Here's the problem, however...
It's fine if I'm just typing something out and I want it to display as underlined. That works fine.
The problem I have is that if, for example, I want a user to enter formatting information and I want to store it to a settings file and then recover it later, it won't work regardless if I use INI or TXT. I know TXT doesn't support control codes, but you can use $replace to change them to something else and then change them back when you load them back into the script later.
What happens is that the script says that the invisible ctrl-u character isn't ctrl-u anymore. It treats it as a space or something else. Therefore, if I am using the Japanese code pages, I cannot write a script that uses Ctrl-U in it if I want it to save the ctrl-u to a file and then load it back again.
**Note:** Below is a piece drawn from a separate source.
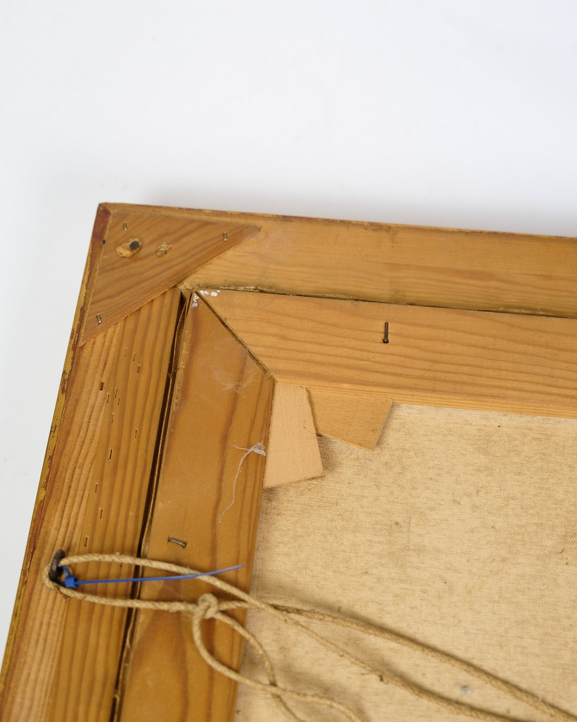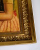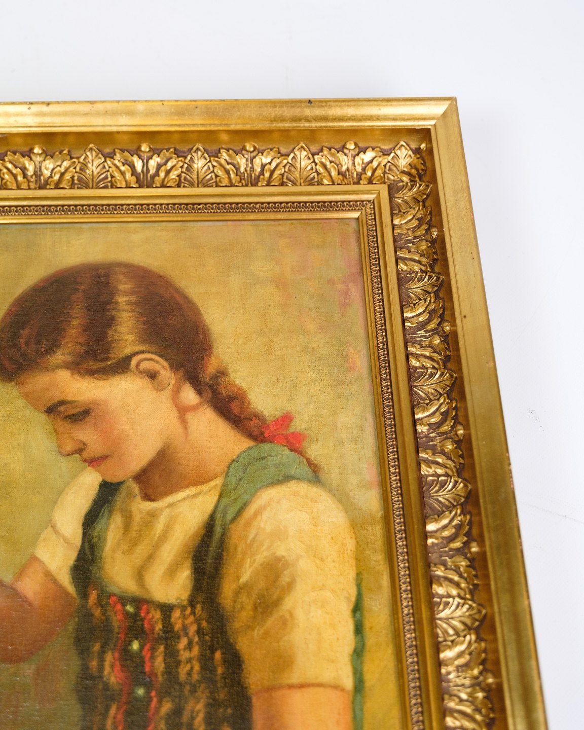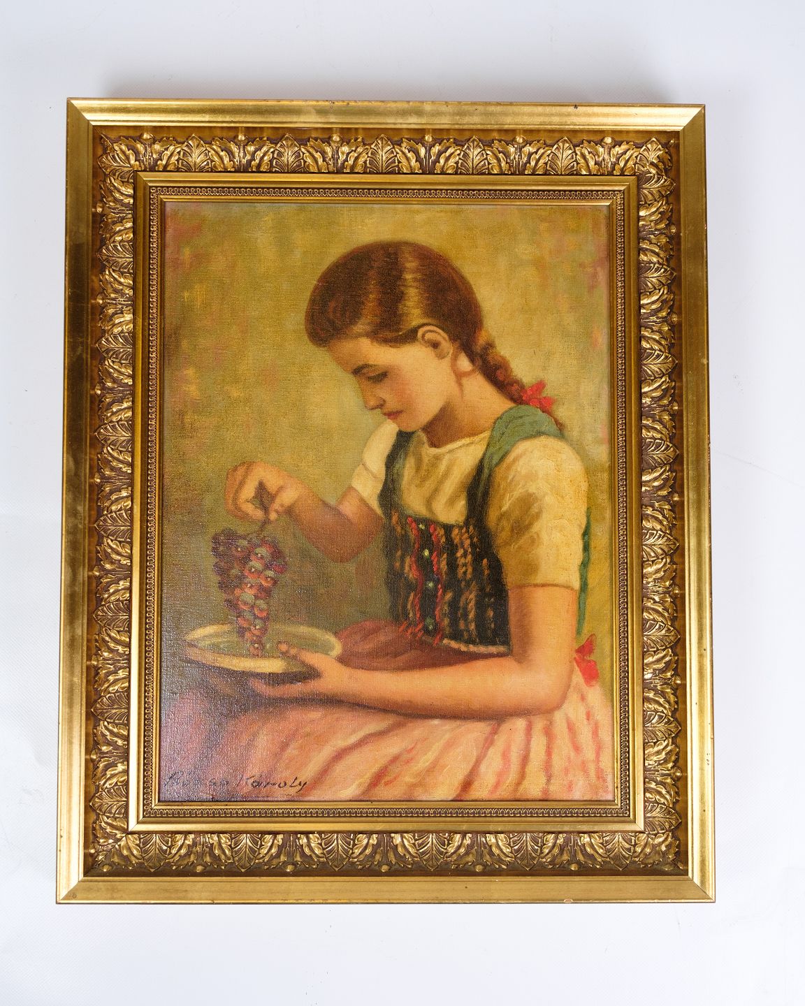 Oil painting framed in a gilded wooden frame with a motif of a little girl holding a bunch of grapes. Painted in warm colors. Signed.

If the script was written by someone else, it works fine, even if I can't see the ctrl-u... it's something with how the code page affects how I enter a ctrl-u. mIRC accepts it fine on the command line or even on a simple /msg command in a script, but not when you're saving settings and reloading them. And, as I said, this doesn't work even if you're changing the ctrl-u to another character and saving that, then changing it back to ctrl-u afterwards. It just doesn't work.
The only way I can avoid that problem is to tell users to use another ctrl-code combination (I've had them use Ctrl-R) for underlining. I can then replace the ctrl-R with ctrl-U when loading settings and that works fine. Don't ask me why one method works and the other doesn't... it's something to do with the character being used... I think it treats it as a $null or something at times... not really sure. Anyhow, telling people to use another ctrl-code combination instead of ctrl-u for underlining is rather troublesome for them.
AFAIK, the only ctrl-code that this affects is ctrl-u. Therefore, I would really like to see an alternate character that can be used for ctrl-u that works like I mentioned above (where it's accepted for everyone, right alongside the current character). See above for how I mentioned it working.